5. FASES
Actualmente, el coste del tratamiento en el PGQ es uno de los más caros del sistema de salud, por el abordaje integral de los cuidados en este tipo de pacientes.
En el seguimiento del PGQ podemos distinguir tres fases por las que el paciente gran quemado pasa:
Fase de reanimación
Es la fase inmediata a su ingreso, cuyo objetivo es la supervivencia del paciente y conseguir una estabilización dentro del estado crítico en el que se encuentra. Una actuación rápida y eficaz en las primeras horas tras el accidente disminuyen la morbimortalidad, y el riesgo de sufrir shock hipovolémico, mejorando el pronóstico en la calidad de vida del paciente al alta.
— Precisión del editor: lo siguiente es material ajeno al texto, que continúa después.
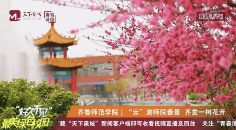 “云”游师院春景,齐赏一树花开。4月10日上午10点,由共青团济南市委、济南广播电视台联合发起的“好久不见——最美校园”融媒直播第七站走进了齐鲁师范学院。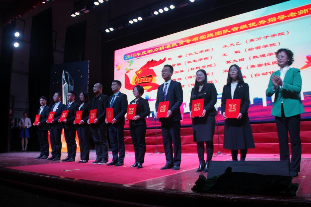 榜样青春颁奖典礼对2018年度在基层团建、创新创业、社会实践、志愿服务、校园文化活动等方面进行了总结,大会表彰了“红旗分团委标兵”称号、“扶贫专项计划省级优秀指导老师”、获“创青春”全国大学生创业大赛获奖团队、校第十二届“十大杰出青年”、“北京赛车PK10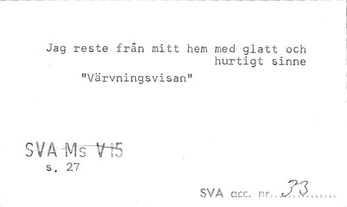 //// Jag reste från mitt hem med glatt och //// hurtigt sinne //// "Värvningsvisan" //// SVA -MrY15 //// s. 27 //// SVA ccc. nr. ... ////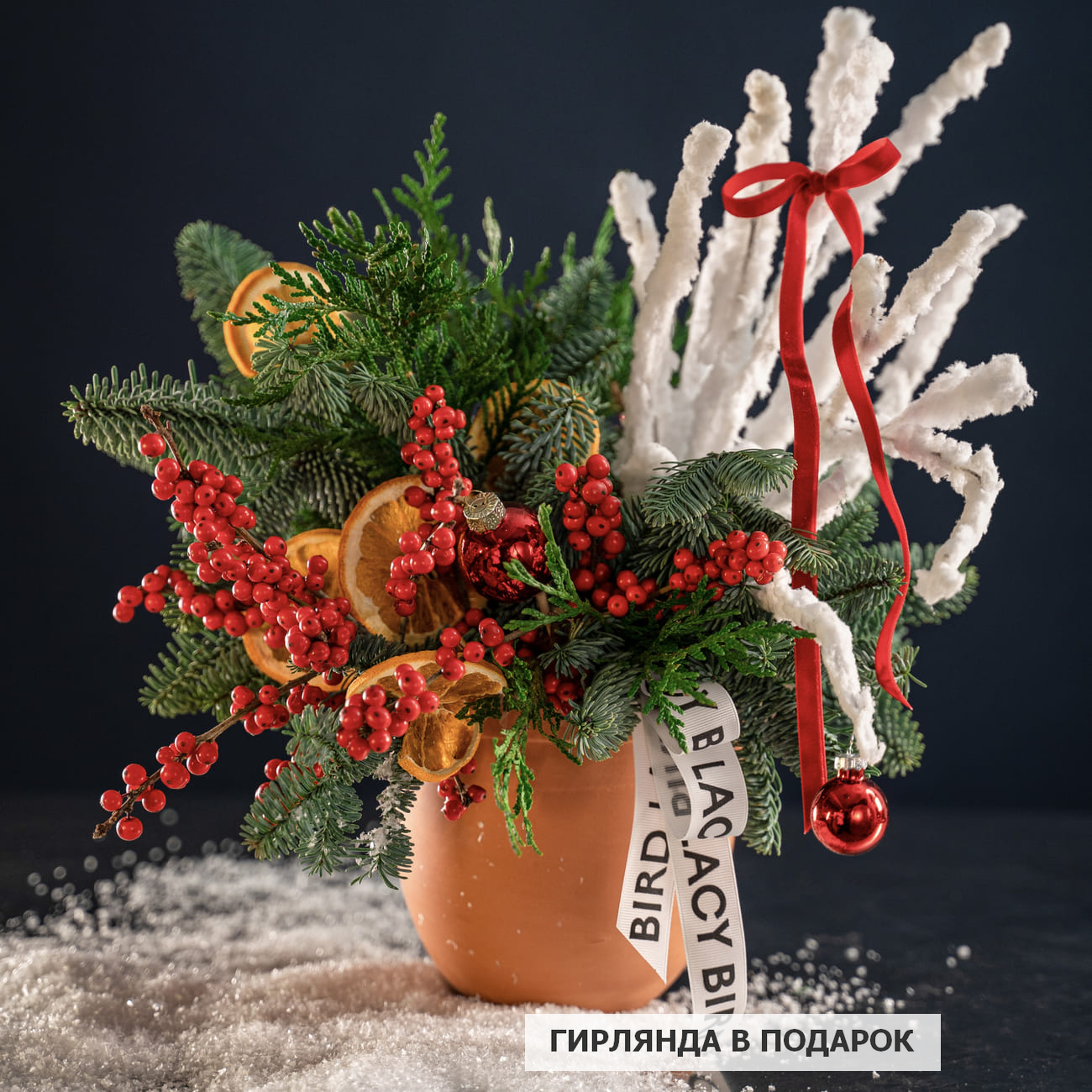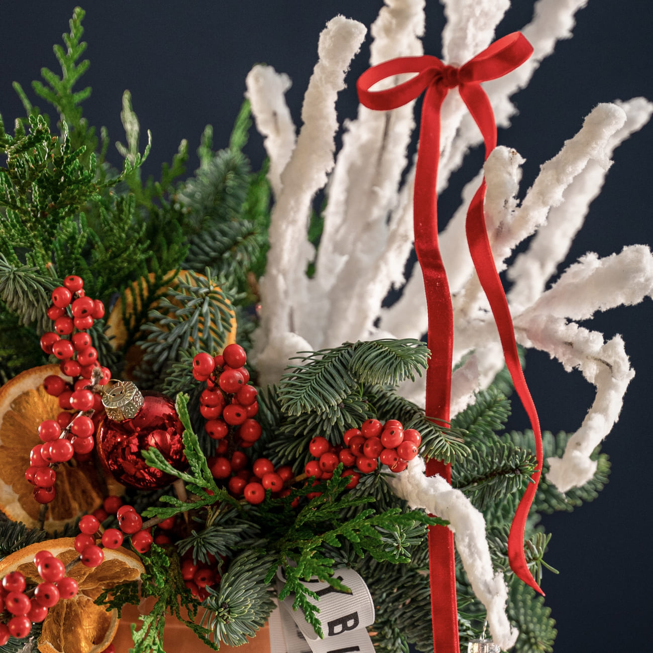 Композиция "Зимняя сказка" подарит тепло и праздничный уют вашему дому. Натуральные хвойные ветви, яркие красные ягоды и засушенные апельсиновые дольки создают гармонию зимнего леса и рождественского тепла. Белоснежные ветви, добавляют ощущение сказочного невесомого мороза. Красная бархатная лента придает особую атмосферу праздника. Это идеальное украшение для создания волшебного новогоднего интерьера, наполненного ароматами зимней природы.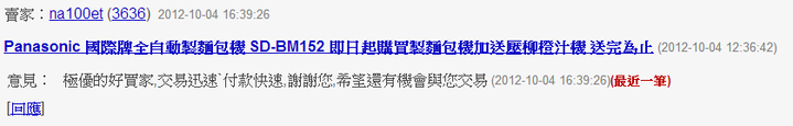 出售一台國際牌全自動製麵包機SD-BM152,去年10月4日在露天網拍以5,000元購入。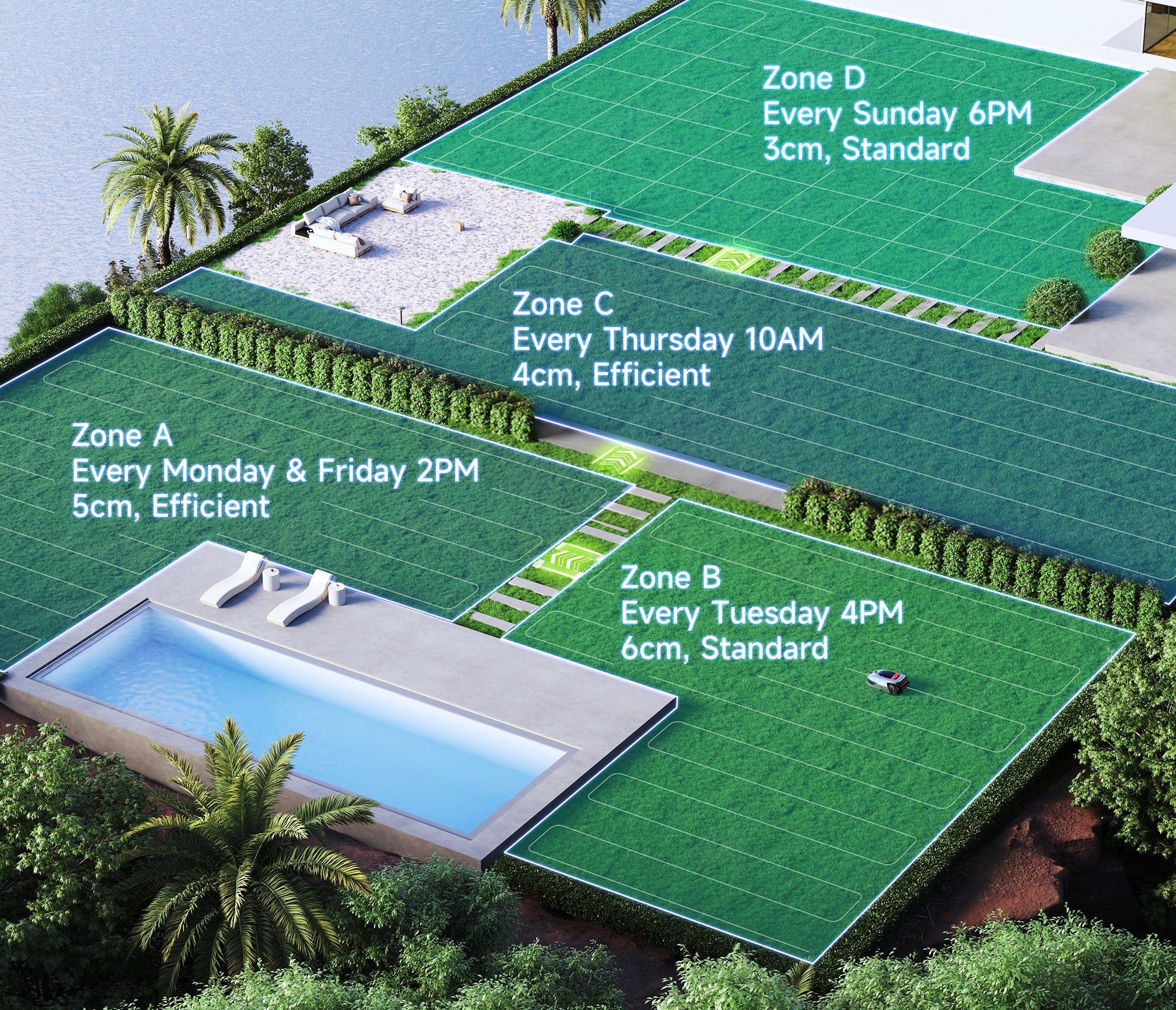 Easily set up multiple mowing zones through the Dreamehome App. Customize various mowing settings for each zone. A2 automatically navigates between these areas, finishing the job seamlessly and efficiently.

La valoración inicial y los cuidados inmediatos del PGQ tienen gran importancia ya que determinan el estado global del individuo y el proceso de cicatrización del paciente, disminuyendo el riesgo de posibles complicaciones al retrasar la cicatrización. Por lo que la fase inicial en los cuidados del gran quemado resulta crucial en su pronostico. De tal forma, la valoración continuada determinará una adecuada planificación de los cuidados, así́ como la elección del tratamiento adecuado con el objetivo de obtener el mejor resultado estético y funcional de la cicatriz.
Aunque existen numerosos protocolos de actuación del paciente gran quemado, coinciden en que las actuaciones de enfermería en la valoración inicial vayan encaminadas a la permeabilidad de las vías aéreas, el soporte circulatorio y nutricional y el control de las constantes vitales es decir, siguiendo la secuencia de valoración de paciente politraumatizado ABCD, descartando el síndrome inhalatorio por intoxicación de monóxido de carbono en el PGQ. En relación a la actuación inicial dependerán que se manifiesten las complicaciones.